States Move Towards Gold (Again)
News
|
Posted 18/01/2024
|
1652
What if Russia just moved to a gold and silver currency? How would that affect the world and influence their allies? Well, if Texas was a country, it would be the 8th largest global economy in nominal GDP. This exceeds Canada, Australia and even Russia. The conservative hub and economic powerhouse has been taking a major interest in gold and has just taken another step towards embracing the precious metal.
Texas voters in March will be voting on ballot propositions. One standout proposition is to create a program that allows access to the state's precious metal depository that was created in 2018. The access would be for Texans to use the depository’s gold and silver as legal tender.
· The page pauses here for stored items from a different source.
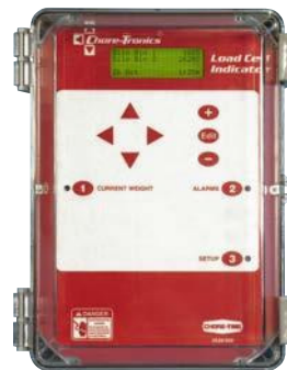
Load Cell Indicator Control is simple to operate for monitoring feed bin weights

Chore-Time's Feed Inventory System provides an economical means for managing and monitoring feed stored in feed bins on the farm. Producers easily check feed bin weights by using a read-out screen. Getting precise weights aids in better managing feed inventories and helps to prevent costly out-of-feed events. Designed to work as a stand-alone system, the feed inventory system also can be connected with Chore-Time's popular C-CENTRAL™ Software to provide remote location and multiple house monitoring.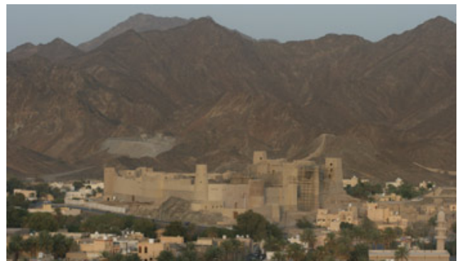
The inland fortress and traditional walled settlement of Bahla, presently under restoration, has been designated by the United Nations as a World Heritage Site.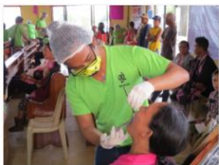
It's like the bite of an ant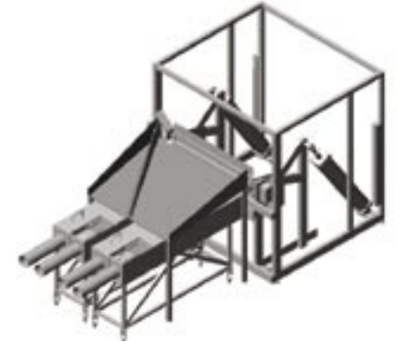
Hoist feeding two stuffers, exiting to the front.

Custom hoppers can be designed to tip onto any machine or work surface.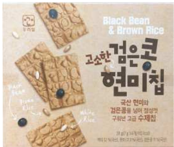
Black bean Brownrice Chip 검은콩 현미칩

Shrimp snack made with fresh Korean shrimp and sweet potato starch.

Any US state using gold and silver should not be a surprise, since it is the law:
“No State shall enter into any Treaty, Alliance, or Confederation; grant Letters of Marque and Reprisal; coin Money; emit Bills of Credit; make any Thing but gold and silver Coin a Tender in Payment of Debts; pass any Bill of Attainder, ex post facto Law, or Law impairing the Obligation of Contracts, or grant any Title ...”
-Article 1 Section 10 Clause 1 – US Constitution
Note that the above paragraph has a major flaw: It is only regarding a “state”. It is technically not enforceable for a city (which is why some U.S. cities have their own legal fiat currencies to this day). It also is not technically enforceable against a privately run bank (they really missed out by using the word “state”!).
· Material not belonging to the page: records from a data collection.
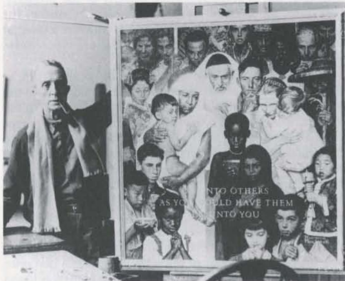
Norman Rockwell with his painting, The Golden Rule , which is on view in One Nation Indivisible? Images of Black Americans: 1934-1967 by Norman Rockwell through January 1990. The Golden Rule © Copyright 1961, Curtis Publishing Company.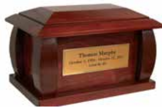
IMPERIAL* (8-718) Includes name, dates, and endearment 7 1/2" x 11 7/8" x 7 7/8" $495 E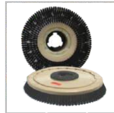
80 Grit Brush For aggressive for general scrubbing or stripping finishes from hard surfaces. Cleans wide grout lines. #A0018 - 13" #A0038 - 15"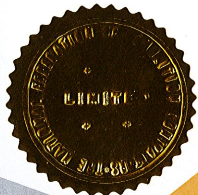
NFDC Chief Executive Officer

A handwritten signature in black ink, consisting of a large, fluid loop followed by a horizontal line and a short vertical stroke.

Laws can be great, but only if people know about them and fight to uphold them. Also, people do what is practical and what has supporting infrastructure in place. The fact that Texas voters are aware of the importance of gold and are pushing to build more supporting infrastructure is extremely promising.
So how speculative are these ballot propositions? Let’s look at 2022 when 10 different propositions were voted on. Every single one of them passed.
Texas is not the only state pushing to keep gold and silver as practical legal tender. Utah and Arkansas already consider gold and silver to be legal tender, in line with the supreme law of the land. Missouri and Oklahoma have just filed bills to eliminate state capital gains taxes on the metals. It’s quite clear that these taxes were put in place to niggle away at the practicality of using metals as money and keep them on the path of federal reserve notes.
As Representative Ron Paul has stated:
“We ought not to tax money – and that’s a good idea. It makes no sense to tax money.”
“Paper is not money, it’s fraud.”
These statements were given at a testimony which led to Arizona removing capital gains taxes on gold and silver.